▶ _RECORDED INFORMATION_:
+++++

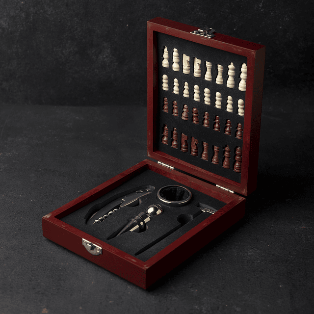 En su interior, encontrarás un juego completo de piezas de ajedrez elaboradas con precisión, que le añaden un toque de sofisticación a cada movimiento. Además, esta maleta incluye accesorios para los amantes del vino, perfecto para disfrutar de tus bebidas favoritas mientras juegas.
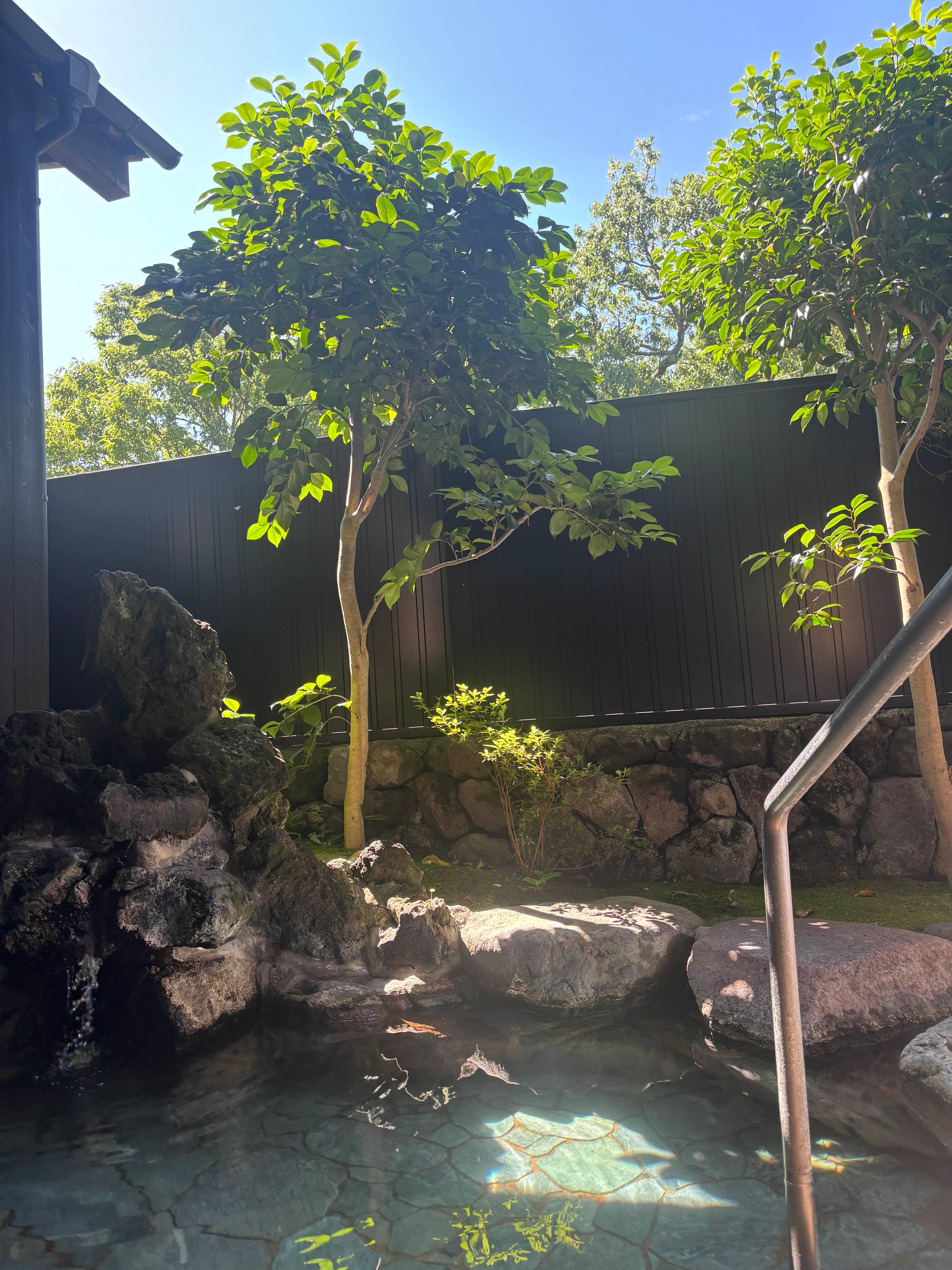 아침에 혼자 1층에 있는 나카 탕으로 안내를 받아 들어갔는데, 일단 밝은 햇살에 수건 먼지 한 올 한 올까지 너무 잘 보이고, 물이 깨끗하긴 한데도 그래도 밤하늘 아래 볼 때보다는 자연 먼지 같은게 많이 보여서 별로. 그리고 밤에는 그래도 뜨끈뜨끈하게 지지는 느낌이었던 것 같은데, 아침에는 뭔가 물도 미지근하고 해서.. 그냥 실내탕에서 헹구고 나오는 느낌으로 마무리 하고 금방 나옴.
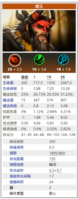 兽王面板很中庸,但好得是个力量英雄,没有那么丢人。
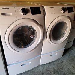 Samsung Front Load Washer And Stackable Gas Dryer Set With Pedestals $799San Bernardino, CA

+++++

▶ _WHAT TO WORK ON_:
The listing above should be repeated word for word, pictures removed.

▶ _SOLUTION TO THE EXERCISE_:
 En su interior, encontrarás un juego completo de piezas de ajedrez elaboradas con precisión, que le añaden un toque de sofisticación a cada movimiento. Además, esta maleta incluye accesorios para los amantes del vino, perfecto para disfrutar de tus bebidas favoritas mientras juegas.
 아침에 혼자 1층에 있는 나카 탕으로 안내를 받아 들어갔는데, 일단 밝은 햇살에 수건 먼지 한 올 한 올까지 너무 잘 보이고, 물이 깨끗하긴 한데도 그래도 밤하늘 아래 볼 때보다는 자연 먼지 같은게 많이 보여서 별로. 그리고 밤에는 그래도 뜨끈뜨끈하게 지지는 느낌이었던 것 같은데, 아침에는 뭔가 물도 미지근하고 해서.. 그냥 실내탕에서 헹구고 나오는 느낌으로 마무리 하고 금방 나옴.
 兽王面板很中庸,但好得是个力量英雄,没有那么丢人。
 Samsung Front Load Washer And Stackable Gas Dryer Set With Pedestals $799San Bernardino, CA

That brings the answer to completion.